**SUPPLIED RECORDS**
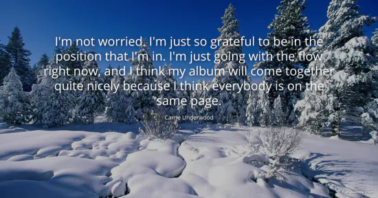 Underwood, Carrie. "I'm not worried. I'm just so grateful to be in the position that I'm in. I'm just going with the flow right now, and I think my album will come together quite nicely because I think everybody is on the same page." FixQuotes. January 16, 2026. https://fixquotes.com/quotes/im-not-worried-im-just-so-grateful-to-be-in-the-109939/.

==

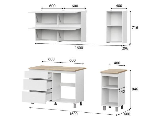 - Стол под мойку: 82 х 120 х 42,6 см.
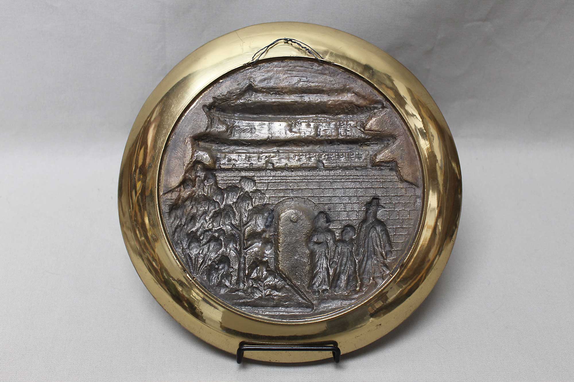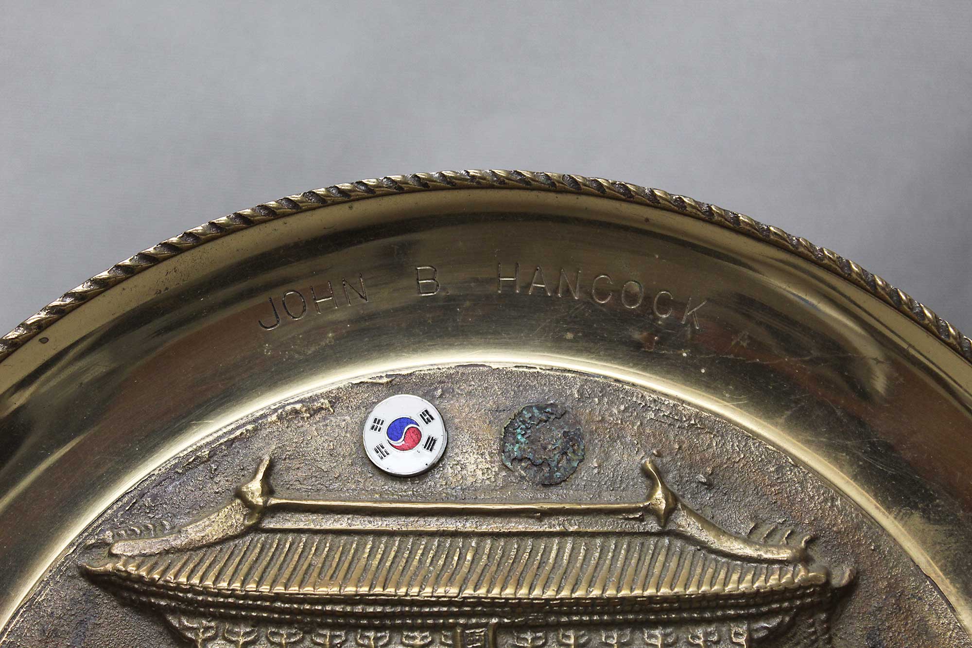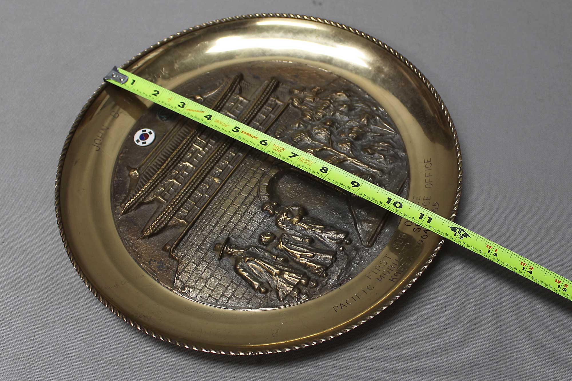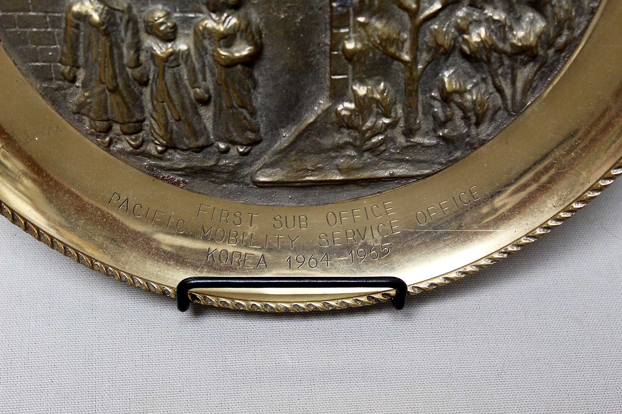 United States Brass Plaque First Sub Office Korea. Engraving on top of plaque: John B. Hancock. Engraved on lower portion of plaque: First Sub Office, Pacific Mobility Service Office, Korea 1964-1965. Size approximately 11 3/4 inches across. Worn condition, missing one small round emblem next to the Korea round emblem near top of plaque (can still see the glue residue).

* * *

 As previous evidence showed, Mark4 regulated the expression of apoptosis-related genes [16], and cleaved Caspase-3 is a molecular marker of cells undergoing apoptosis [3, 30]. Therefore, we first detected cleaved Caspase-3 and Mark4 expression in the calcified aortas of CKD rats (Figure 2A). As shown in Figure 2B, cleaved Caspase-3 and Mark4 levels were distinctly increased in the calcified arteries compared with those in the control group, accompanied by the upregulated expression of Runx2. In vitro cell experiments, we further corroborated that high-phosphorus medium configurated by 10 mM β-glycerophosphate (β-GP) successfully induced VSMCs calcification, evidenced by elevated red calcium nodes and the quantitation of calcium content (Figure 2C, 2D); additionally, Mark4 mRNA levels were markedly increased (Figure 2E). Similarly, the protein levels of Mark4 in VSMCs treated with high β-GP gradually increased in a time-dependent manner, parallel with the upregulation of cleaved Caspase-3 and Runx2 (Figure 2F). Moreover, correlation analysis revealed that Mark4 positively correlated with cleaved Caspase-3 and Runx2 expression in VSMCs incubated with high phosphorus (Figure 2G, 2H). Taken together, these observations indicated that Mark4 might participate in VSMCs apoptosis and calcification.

**TASK GOAL**
Find the line with "- Стол под мойку: 82 х 120 х 42,6 см." in the entries above. Set down exactly every line from it up to and including the line with "United States Brass", images excluded.

**TASK OUTPUT**
 - Стол под мойку: 82 х 120 х 42,6 см.
 United States Brass Plaque First Sub Office Korea. Engraving on top of plaque: John B. Hancock. Engraved on lower portion of plaque: First Sub Office, Pacific Mobility Service Office, Korea 1964-1965. Size approximately 11 3/4 inches across. Worn condition, missing one small round emblem next to the Korea round emblem near top of plaque (can still see the glue residue).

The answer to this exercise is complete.